▶ [Information given]

• • • • • • •

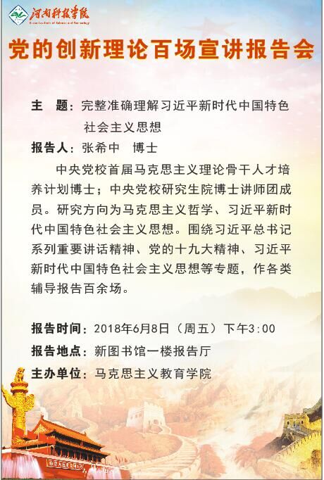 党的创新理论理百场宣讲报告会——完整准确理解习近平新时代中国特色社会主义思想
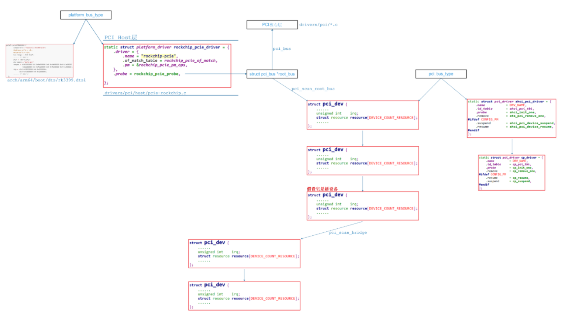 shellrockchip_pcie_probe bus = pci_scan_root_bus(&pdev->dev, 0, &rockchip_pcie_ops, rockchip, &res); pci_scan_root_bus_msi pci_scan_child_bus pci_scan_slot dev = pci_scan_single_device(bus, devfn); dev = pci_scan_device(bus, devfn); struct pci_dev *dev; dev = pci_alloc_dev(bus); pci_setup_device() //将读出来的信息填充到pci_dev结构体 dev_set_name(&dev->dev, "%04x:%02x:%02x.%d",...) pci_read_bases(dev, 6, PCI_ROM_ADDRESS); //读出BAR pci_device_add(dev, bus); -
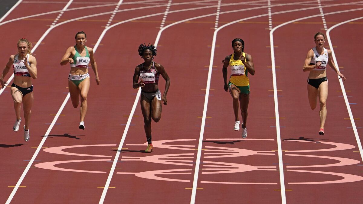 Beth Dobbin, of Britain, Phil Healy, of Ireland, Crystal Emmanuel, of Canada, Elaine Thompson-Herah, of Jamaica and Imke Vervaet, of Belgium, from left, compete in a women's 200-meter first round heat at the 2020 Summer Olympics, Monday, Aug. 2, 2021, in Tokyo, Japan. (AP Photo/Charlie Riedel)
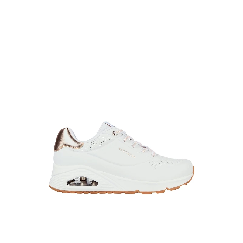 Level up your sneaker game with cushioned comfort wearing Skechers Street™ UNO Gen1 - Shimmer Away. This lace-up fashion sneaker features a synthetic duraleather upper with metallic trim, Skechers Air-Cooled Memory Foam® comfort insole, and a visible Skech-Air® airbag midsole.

• • • • • • •

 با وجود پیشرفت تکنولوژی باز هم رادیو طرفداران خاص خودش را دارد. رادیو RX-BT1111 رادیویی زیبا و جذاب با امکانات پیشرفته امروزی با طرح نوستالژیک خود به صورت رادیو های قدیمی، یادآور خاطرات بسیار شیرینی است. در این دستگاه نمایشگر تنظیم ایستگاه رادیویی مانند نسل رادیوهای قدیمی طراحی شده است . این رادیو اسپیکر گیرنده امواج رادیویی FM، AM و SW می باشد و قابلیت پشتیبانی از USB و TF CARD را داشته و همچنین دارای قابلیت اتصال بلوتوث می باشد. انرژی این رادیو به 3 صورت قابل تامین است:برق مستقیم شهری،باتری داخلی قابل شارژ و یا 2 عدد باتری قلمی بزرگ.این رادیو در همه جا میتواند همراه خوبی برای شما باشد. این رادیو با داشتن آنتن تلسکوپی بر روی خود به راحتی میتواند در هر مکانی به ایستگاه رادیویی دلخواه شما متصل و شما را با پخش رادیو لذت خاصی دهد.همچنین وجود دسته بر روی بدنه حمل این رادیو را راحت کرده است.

• • • • • • •

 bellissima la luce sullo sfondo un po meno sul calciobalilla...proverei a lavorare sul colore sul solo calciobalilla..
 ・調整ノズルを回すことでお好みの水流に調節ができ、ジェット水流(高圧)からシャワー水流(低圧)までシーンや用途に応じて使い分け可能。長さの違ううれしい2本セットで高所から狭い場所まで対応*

• • • • • • •

▶ [Task description]
Range to copy from the listing above: the line containing "党的创新理论理百场宣讲报告会——完整准确理解习近平新时代中国特色社会主义思想" down to the line containing "Beth Dobbin, of", both included. Reproduce it exactly, minus the pictures, and add nothing.

▶ [Your solution]
 党的创新理论理百场宣讲报告会——完整准确理解习近平新时代中国特色社会主义思想
 shellrockchip_pcie_probe bus = pci_scan_root_bus(&pdev->dev, 0, &rockchip_pcie_ops, rockchip, &res); pci_scan_root_bus_msi pci_scan_child_bus pci_scan_slot dev = pci_scan_single_device(bus, devfn); dev = pci_scan_device(bus, devfn); struct pci_dev *dev; dev = pci_alloc_dev(bus); pci_setup_device() //将读出来的信息填充到pci_dev结构体 dev_set_name(&dev->dev, "%04x:%02x:%02x.%d",...) pci_read_bases(dev, 6, PCI_ROM_ADDRESS); //读出BAR pci_device_add(dev, bus); -
 Beth Dobbin, of Britain, Phil Healy, of Ireland, Crystal Emmanuel, of Canada, Elaine Thompson-Herah, of Jamaica and Imke Vervaet, of Belgium, from left, compete in a women's 200-meter first round heat at the 2020 Summer Olympics, Monday, Aug. 2, 2021, in Tokyo, Japan. (AP Photo/Charlie Riedel)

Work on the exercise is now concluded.